42, 43, 44 o 300, los estudiantes nunca deberían ser masacrados por ningún motivo. La principal víctima de este conflicto, sin embargo, no son los estudiantes o los civiles neutrales, sino la idea imaginaria que teníamos de pertenecer a una nación llamada México. Eso es lo que para mí quedó sepultado en las decenas de fosas que se han encontrado entre septiembre y octubre del 2014 en Iguala, Guerrero, albergando más de 50 cadáveres, y que vienen a ser como el último clavo en el ataúd de la degradación nacional. Esta muerte del nacionalismo queda bien resumida en la filosofía de vida de un criminal, recogida en el documental “De Panzazo!”: “a poco si tú fueras narco, y sabes que estás ganando pero el buti de millones cada mes, vas a decir ‘no pues porque cambie el país voy a dejar de ganar tantos millones’, chingue a su madre, que se mueran los que se tengan que morir mientras yo esté bien”. El narconeoliberalismo está logrando la destrucción del Estado-nación mexicano. No sé si nosotros seremos capaces de resucitarlo, pero quiero aferrarme a la esperanza de un México, o muchos Méxicos, construidos bajo principios humanos, civiles y morales.
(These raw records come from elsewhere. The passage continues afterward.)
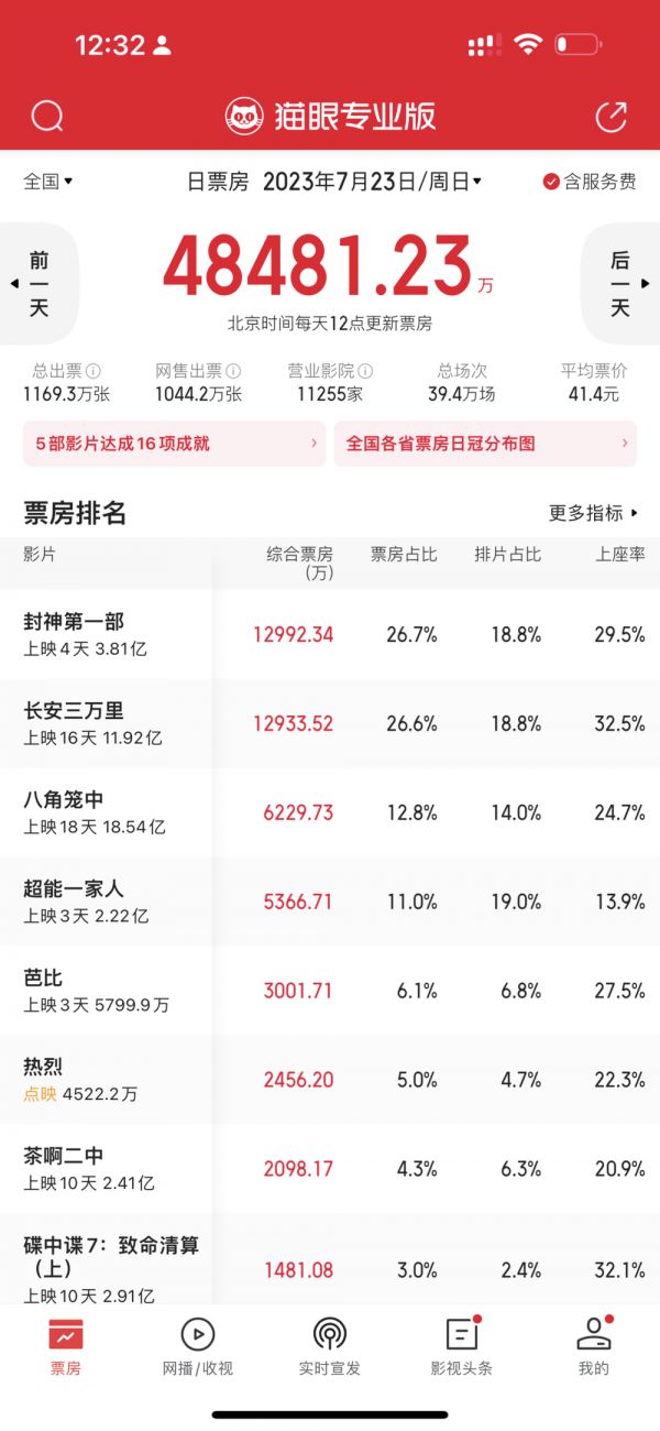 于是我就看了下昨天的电影票房: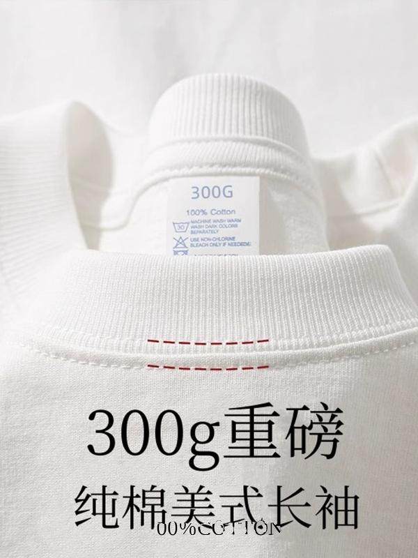 300g Heavyweight Cotton White Long-Sleeved T-Shirt for Men and Women, Spring and Autumn Inner Wear, Loose Casual Base Shirt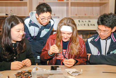 在學(xué)校藝術(shù)中心、體育中心和學(xué)生發(fā)展中心,美國青少年體驗了衡水中學(xué)學(xué)生豐富的課余生活。小小的玻璃壺坯內(nèi),手繪細(xì)膩的內(nèi)畫;一張?zhí)镒指裥埳?,學(xué)寫毛筆書法;面塑課堂上,彩色面團(tuán)捏出多般造型;乒乓球桌上,與中國學(xué)生展開球技對壘……一堂堂社團(tuán)課程,讓美國青少年近距離感知立體、生動的中國教育。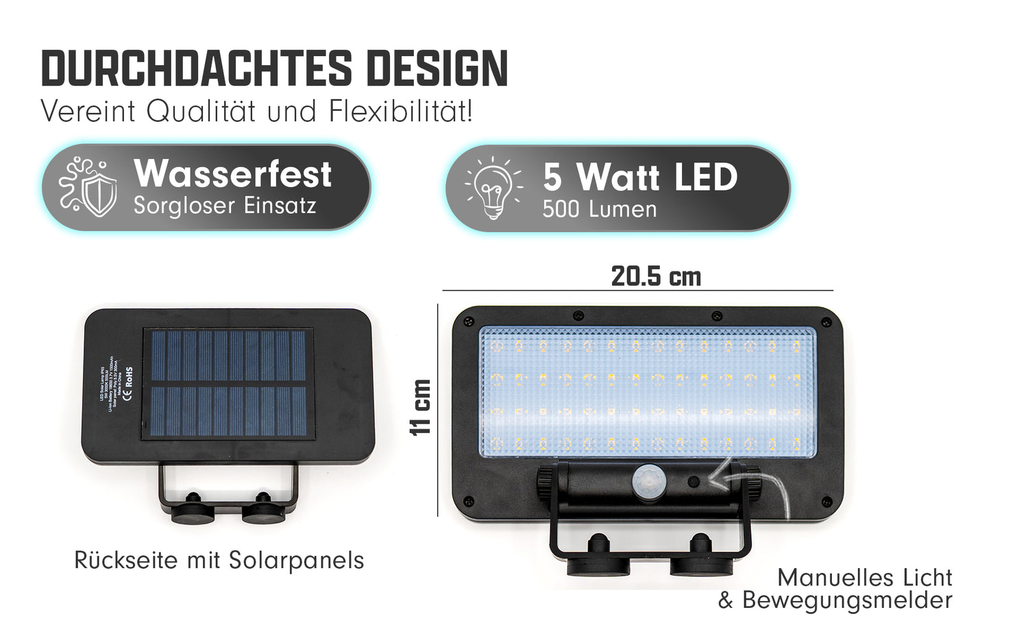 Die Solar-LEDs liefern helles, energiesparendes Licht und werden über ein integriertes Solarmodul geladen. Der bewegungsgesteuerte Sensor aktiviert das Licht automatisch, sobald jemand in den Erfassungsbereich tritt – praktisch, sicher und stromsparend. So hast du immer zuverlässige Beleuchtung, wenn du sie brauchst.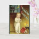 Vintage Illustration Halloween Urlaubsgestaltung mit einem kleinen Kind, das vor der dunklen Nacht Angst hat. Es ist eine klassische schwarze Katze und ein Halbmond im Fenster, und er ließ sein Buch mit beängstigenden Geschichten fallen. Eine Kerze sitzt auf dem kleinen Tisch. Halloween Gruß. Ellen Clapsaddle.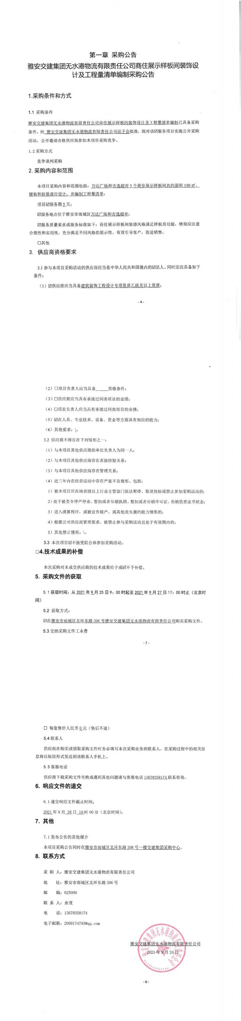 雅安交建集團(tuán)無(wú)水港物流有限責(zé)任公司商住展示樣板間裝飾設(shè)計(jì)及工程量清單編制采購(gòu)公告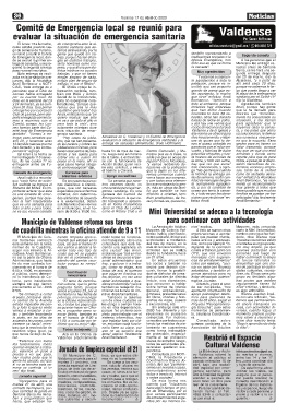 prueba a ver que pasa, El Municipio de C. bros, ya que estos últi- Consultada por NOTI- vo Valdense retomó la de martes a viernes,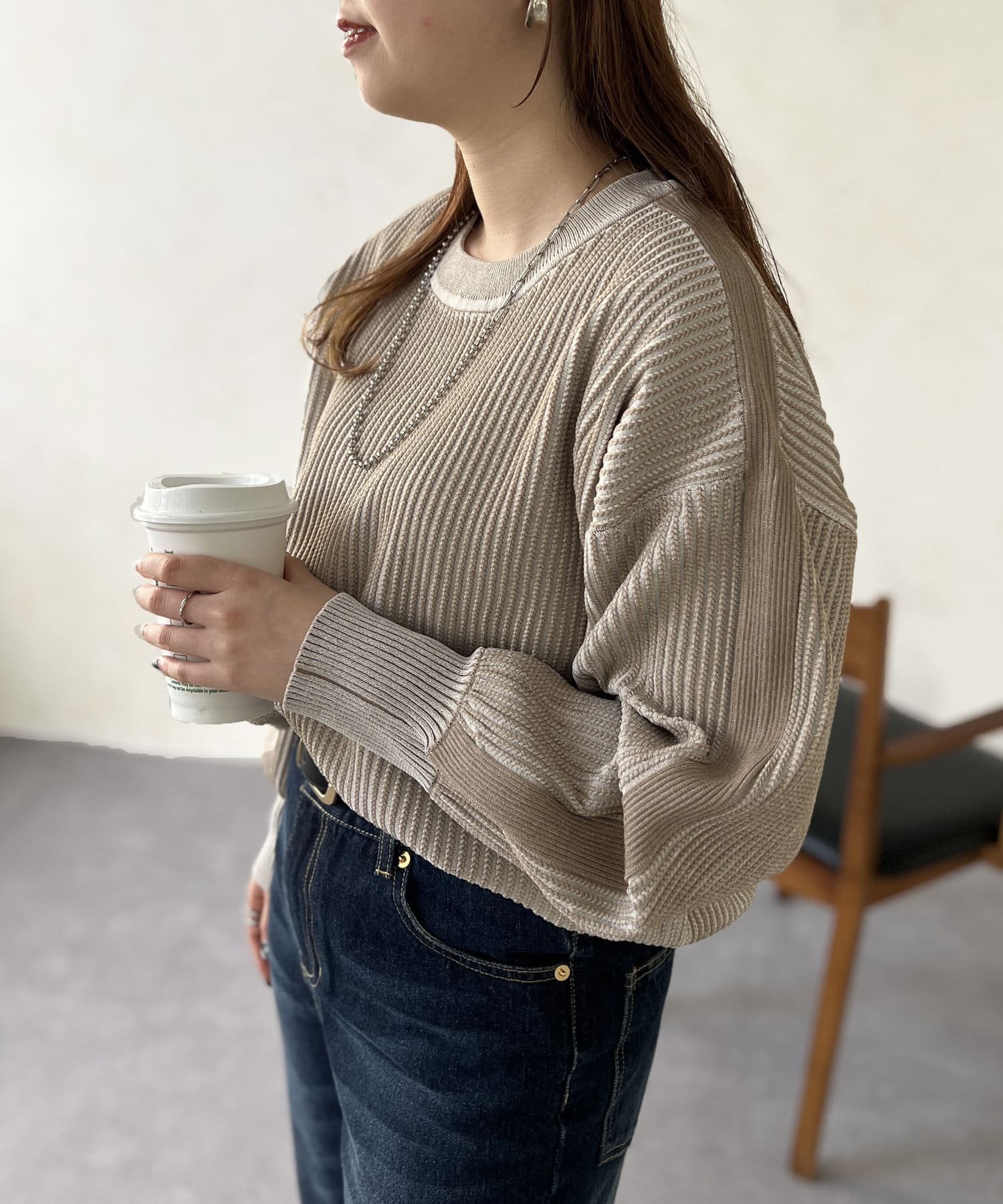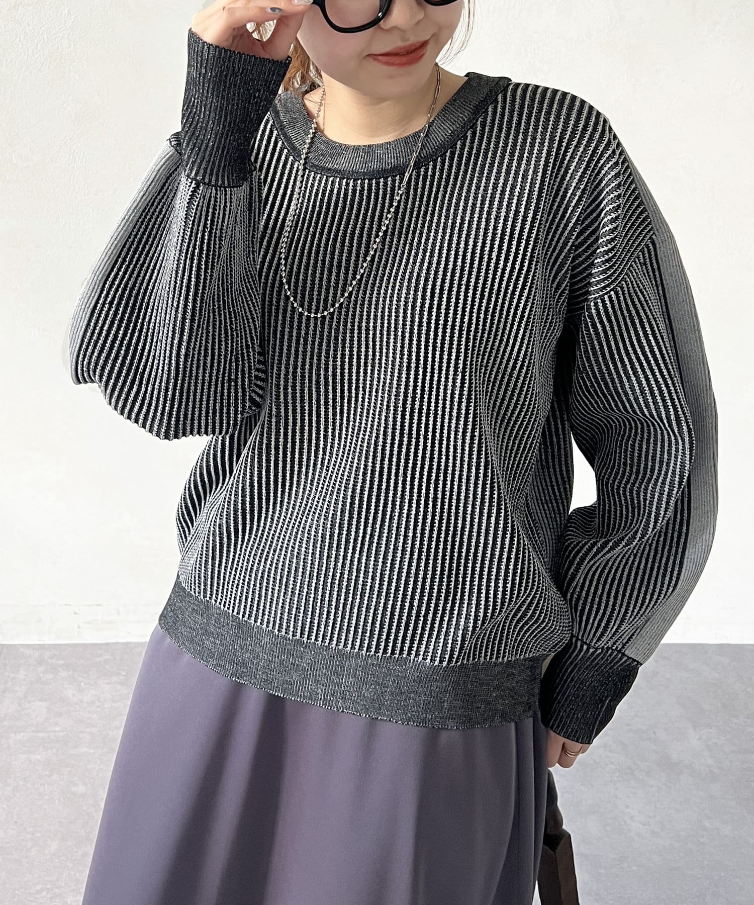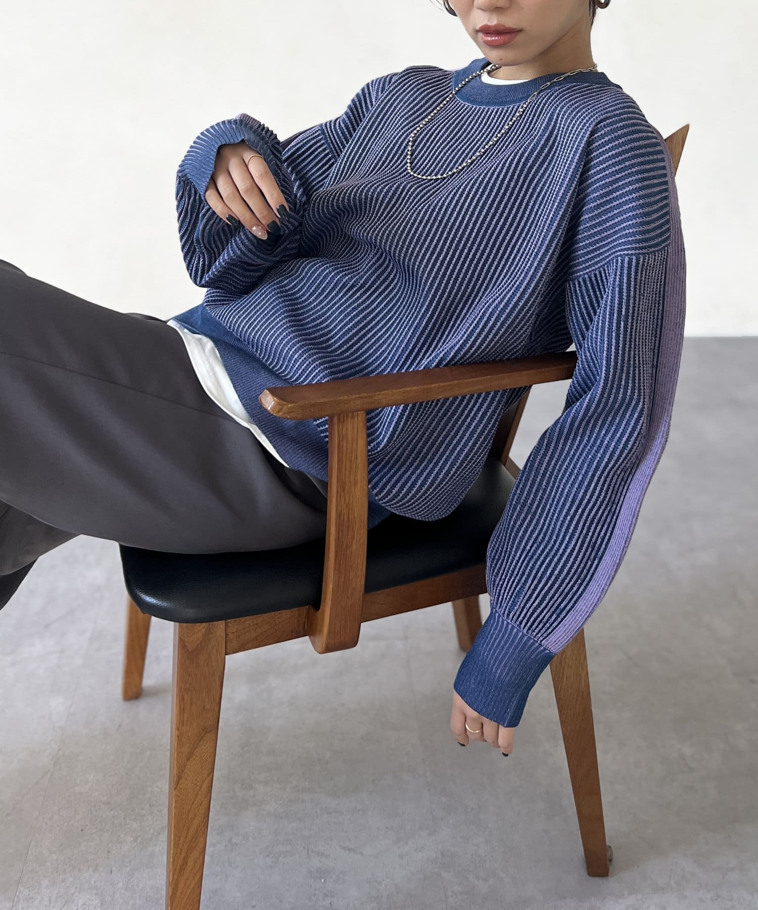 一枚でデニムやロングスカートと合わせたシンプルなコーデや、シャツやインナーをレイヤードしたスタイルのコーデにも◎
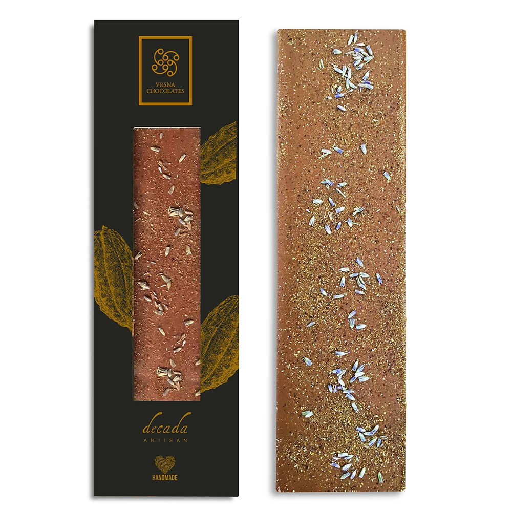 Fine, handmade milk chocolate with sprinkles of mild carob and aromatic lavender. This chocolate arouses your taste buds and your sense of smell like a measured dose of Mediterranean rest and relaxation.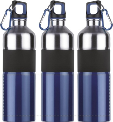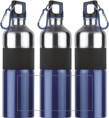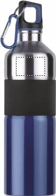 Single wall bicolour stainless steel bottle with rubber grip and carabiner hook. Capacity: 750 ml. The carabiner is not for climbing (non professional use). Leak free.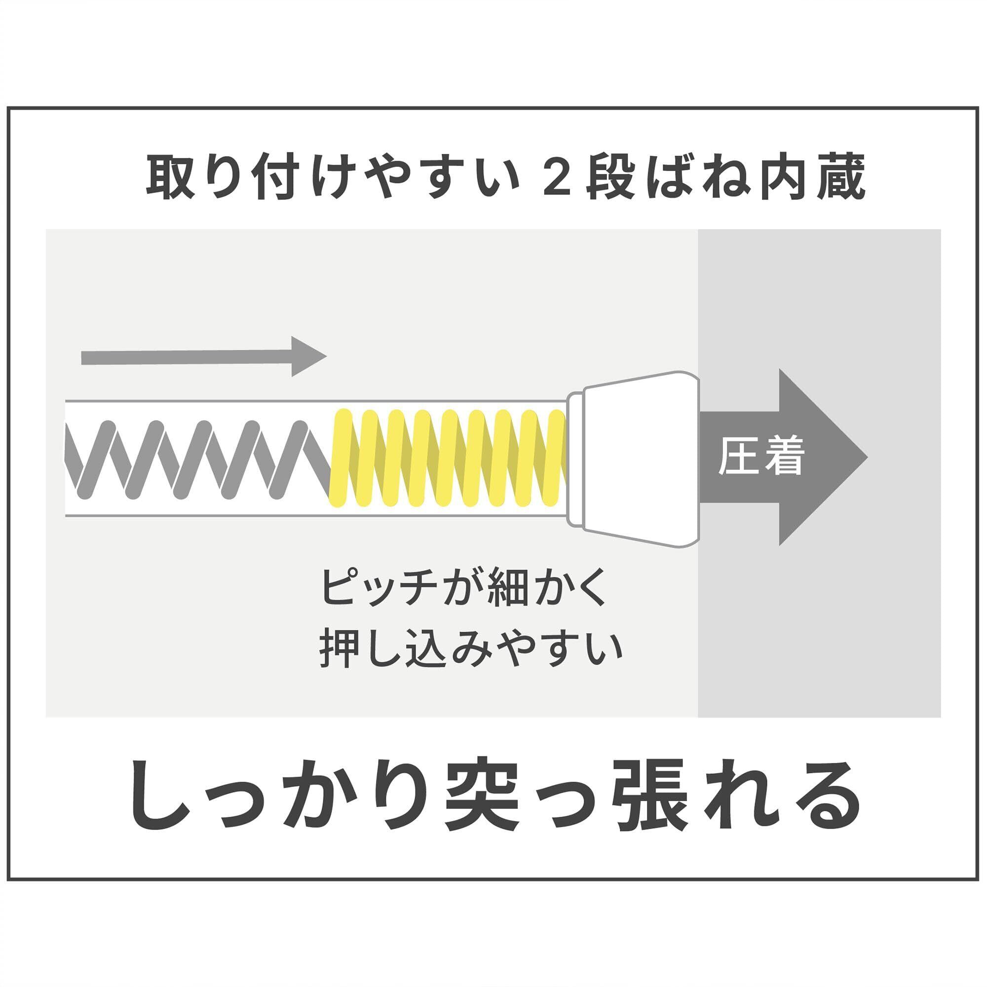 二段ばね式で取り付けやすく、しっかり固定できる。両端のキャップは取り外し可能。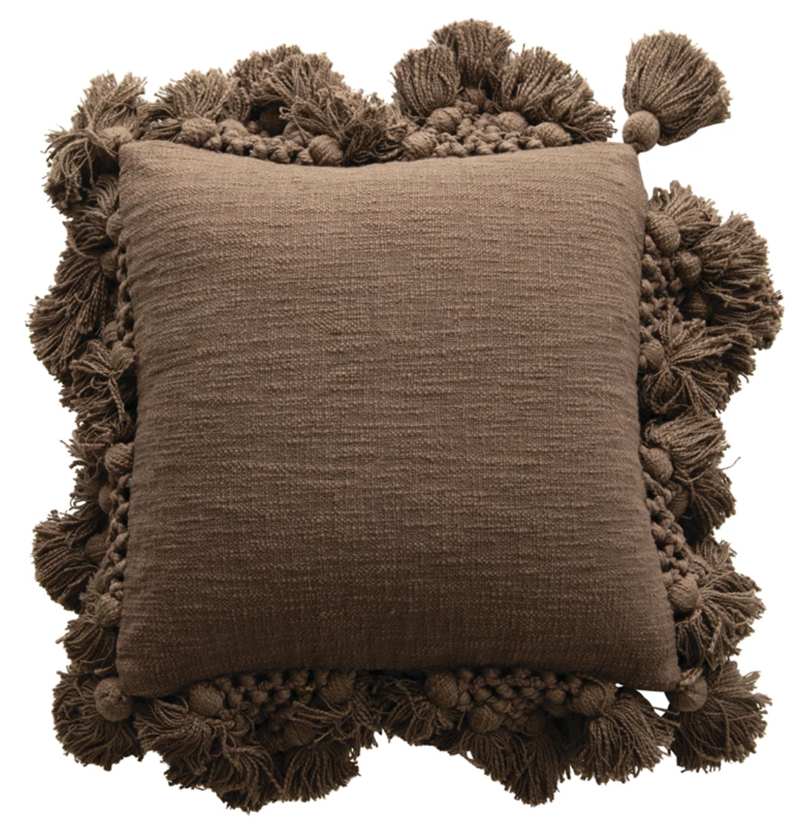 Brown Slub Pillow With Crochet And Tassels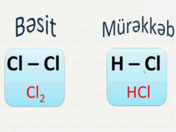 Məsələn, su hidrogen və oksigen elementlərnin atomlarından; sulfat turşusu isə hidrogen, oksigen və kükürd elementlərinin atomlarından əmələ gəlmiş mürəkkəb maddələrdir.
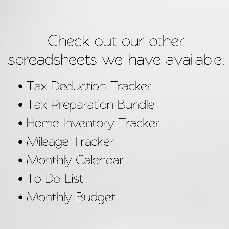 Tax Deduction Spreadsheet Template Etsy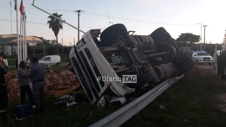 Un camión de frutas volcó en el acceso a Sáenz Peña y los vecinos se llevaron la mercadería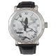Uhr, Vintage Männeruhr mit schwarzem Lederarmband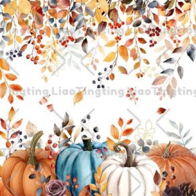 Thanksgiving,Autumn,Pumpkin,Eucalyptus Leaves,Watercolor,Vintage,Linen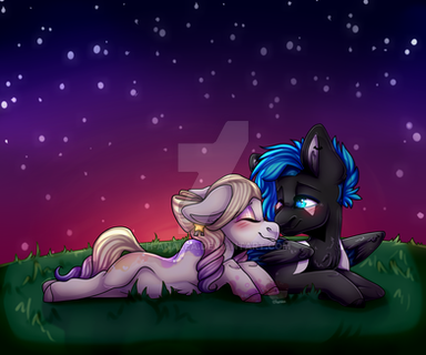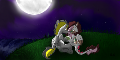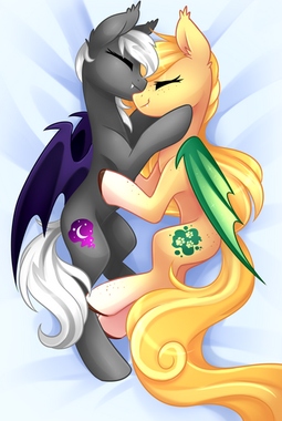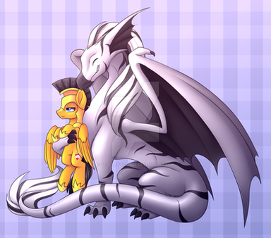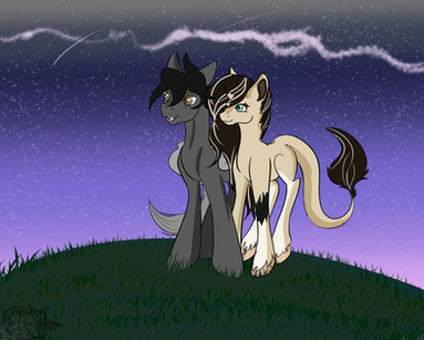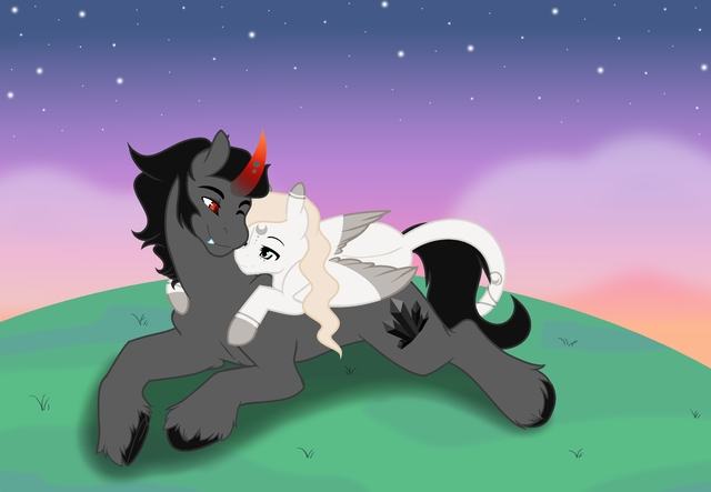 Wow, Blade Dancer and Xenilla look adorable in this pic. Β Really like how much of a tsundere Xen is acting by trying to be stoic while Blade is being her usual self. Β The little pregnant belly on the mare makes the moment sweeter.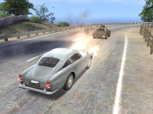 übernommen – wie z.B. das Herumhangeln an Wänden, die beeinflussbaren Nahkämpfe, die fernbedienbaren Gadgets und natürlich die Fahreinlagen. In denen cruist ihr auf linearen, aber schön anzusehenden Straßen z.B. durch das nächtliche Istanbul, lasst MGs und Raketenwerfer sprechen und haut feindliche Wagen mit einem schnellen Seitenstoß um. Leider sind diese Szenen gerade auf der PS2 nicht ruckelfrei: Zwar sinkt die Framerate nie auf unspielbare Werte, aber man spürt immer wieder, wie sie kurz in die Knie geht. Gerade wenn viele Gegner im Bild sind und mächtige Explosionen den Hintergrund erschüttern, zuckelt Bond unschön da hin. Xbox- und GameCube-Agenten haben es da schon besser, denn hier flutscht es jederzeit wie es soll. Dann kann man auch die schöne Grafik noch besser genießen, bei der sowohl Levelarchitektur als auch Figuren toll geraten sind; allen voran James Bond, der seinem Film-Pendant wie aus dem Gesicht geschnitten und toll animiert ist. Besonders erwähnenswert sind noch die wuchtigen, mächtigen Explosionen und die schönen Wassereffekte, dazu gibt es noch gute Zwischensequenzen (gerendert und Echtzeit).

P.D. Intuimos la verdad sobre el cruento destino de los compañeros desaparecidos, pero exigimos que el gobierno federal deje de administrar la mentira con el propósito infame de proteger su imagen y hacer control de daños. Por eso, a un mes de la masacre de Iguala, seguimos diciendo: ¡presentación con vida y castigo a los culpables!